▶ Provided data:
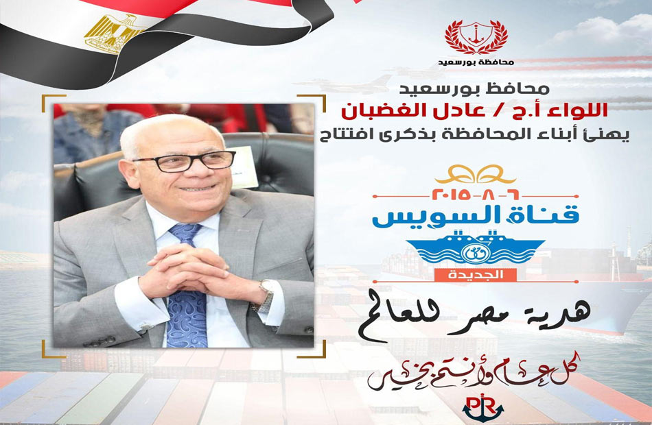 محافظ بورسعيد يهنئ أبناء المحافظة بمناسبة ذكرى افتتاح قناة السويس الجديدة
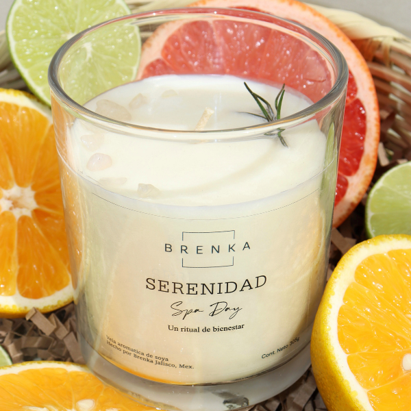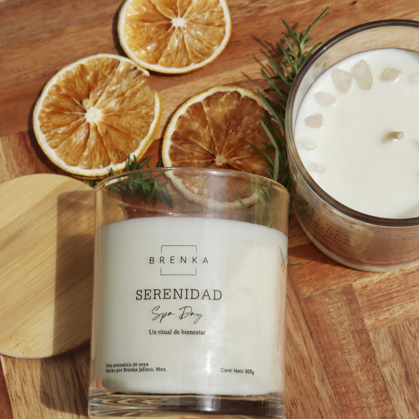 🕯️ Vela de Serenidad: Cítricos, Romero y Bergamota :Despierta tus sentidos y encuentra tu centro. Esta vela fusiona la frescura vibrante de los cítricos y la bergamota con las notas herbales del romero, creando una atmósfera de paz y enfoque. Decorada a mano con cuarzos transparentes y ramitas de romero natural. Es el recordatorio perfecto para respirar hondo y resetear tu día.
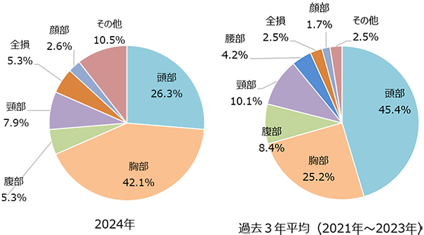 転倒時や事故時のダメージを減らすためにもウェアやプロテクターは安全性の高いものを選び、乗車時には必ず着用するようにしましょう。昔はプロテクターなしで運転していたかもしれませんが、バイク乗車中の死者の損傷主部位では頭部の他に胸部も多く、命を守るためには胸部プロテクターの着用が大切です。もちろん、できるだけダメージを減らすにはその他部位のプロテクターやグローブ、ブーツも重要です。
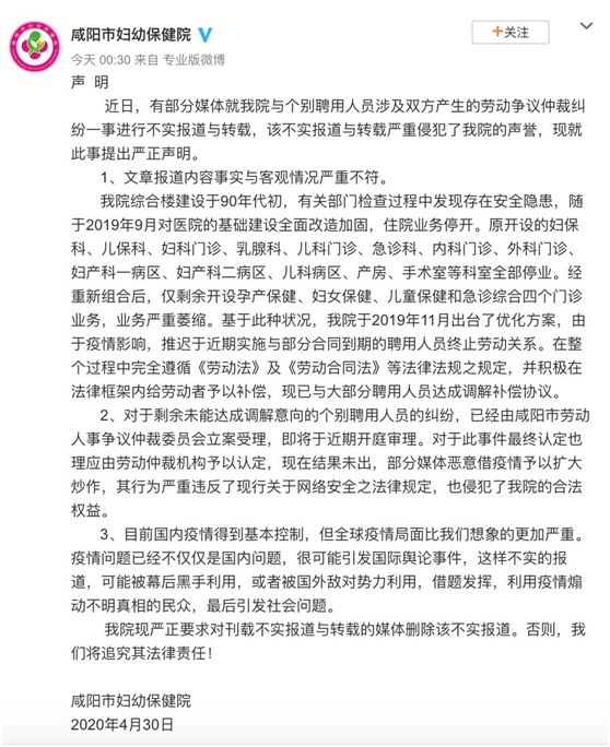 4月30日,咸阳市妇幼保健院官方微博发布消息称,2019年9月医院对基础建设全面改造加固,住院业务停开,经重新组合后,医院业务严重萎缩。基于此种状况,医院于2019年11月出台了优化方案,由于疫情影响,推迟于近期实施与部分合同到期的聘用人员终止劳动关系。

▶ Task to complete: Give the listing again exactly, minus its images.

▶ Result of this task:
 محافظ بورسعيد يهنئ أبناء المحافظة بمناسبة ذكرى افتتاح قناة السويس الجديدة
 🕯️ Vela de Serenidad: Cítricos, Romero y Bergamota :Despierta tus sentidos y encuentra tu centro. Esta vela fusiona la frescura vibrante de los cítricos y la bergamota con las notas herbales del romero, creando una atmósfera de paz y enfoque. Decorada a mano con cuarzos transparentes y ramitas de romero natural. Es el recordatorio perfecto para respirar hondo y resetear tu día.
 転倒時や事故時のダメージを減らすためにもウェアやプロテクターは安全性の高いものを選び、乗車時には必ず着用するようにしましょう。昔はプロテクターなしで運転していたかもしれませんが、バイク乗車中の死者の損傷主部位では頭部の他に胸部も多く、命を守るためには胸部プロテクターの着用が大切です。もちろん、できるだけダメージを減らすにはその他部位のプロテクターやグローブ、ブーツも重要です。
 4月30日,咸阳市妇幼保健院官方微博发布消息称,2019年9月医院对基础建设全面改造加固,住院业务停开,经重新组合后,医院业务严重萎缩。基于此种状况,医院于2019年11月出台了优化方案,由于疫情影响,推迟于近期实施与部分合同到期的聘用人员终止劳动关系。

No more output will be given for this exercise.